Nature hasn’t hardwired us to be happy, or content. I believe we can trick ourselves into both of those states with a lof of hard work, but the particulars of life remain the same: We are born. We live a little, and then we die. Pour as much sugar as you like on that statement; it will remain equally true.

All is not so dreary though. If I wrote the statement above about failure 5 years ago, I’ve had a while to think of how to get out of the neat intellectual loop I’d created.

That, however, is not the topic of this post. I don’t believe much in preaching. Opinions are overrated and cheap. Advice is nothing more than a form of self-flattery.

I was thinking about all this tonight because I saw a bunch of people at church this morning and at the Mother’s Day lunch this afternoon.

They kept asking me whether or not I liked my job, whether I was happy in Atlanta. I said some shit because they are nice people, but the more I thought about it, the more I wondered: You know, I am exactly where I said I wanted to be, but so what?? Aren’t I always? What does achieving my goals have to do with being happy?

What is success to you?

3 Responses to “Success = Happiness??”
  1. anne says:

    In an article titled, “Why am I perpetually unhappy?” an interesting point about overthinking emotions was made.
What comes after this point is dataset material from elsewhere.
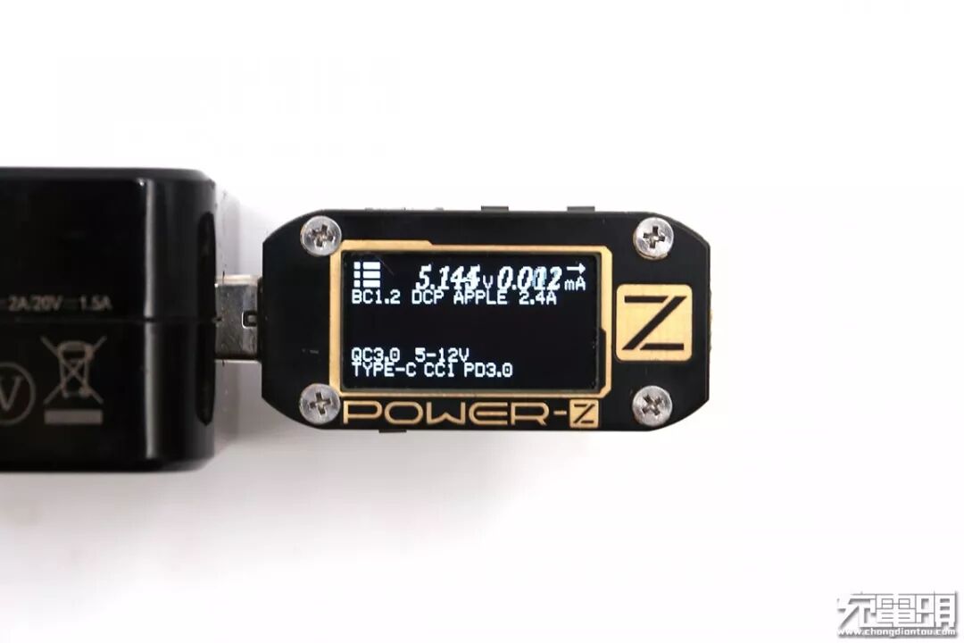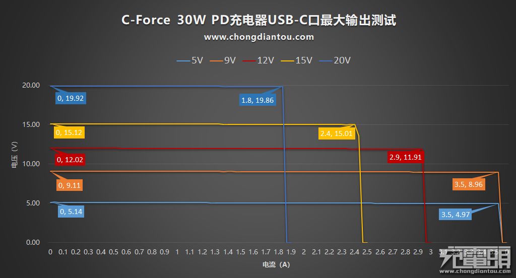 既然支持PD快充,PDO报文那就必不可少。使用 ChargerLAB Power-Z KM001C进行PDO报文显示,也就是输出档位分析,测试得C-FORCE 30W PD充电器支持5V/3A、9V/3A、12V/2.5A、15V/2A、20V/1.5A与充电器外壳上标注一致。

When a person thinks about an emotion or feeling (such as happiness or even success) there comes a point at which they spend more time thinking and less time actually experiencing.

    Maybe you should spend less time thinking about happiness and just decide to BE happy. Happiness is just as much a choice as it is a feeling.

  2. Josh says:

    You’ve already found happiness, dude. It’s called drinking alone. The title popped into your head because you were successful in your attempt to move the beer from the bottle to your belly, and this success caused you happiness. However, too much success too fast can lead to extreme misery and wet sheets the next day.

  3. Elliott says:

    Anne,

    Thank you honestly for the concern.

    I think I asked: “What is success to you?”

    I can’t, for the life of me, locate the line where I soliticed advice on how to make me happy.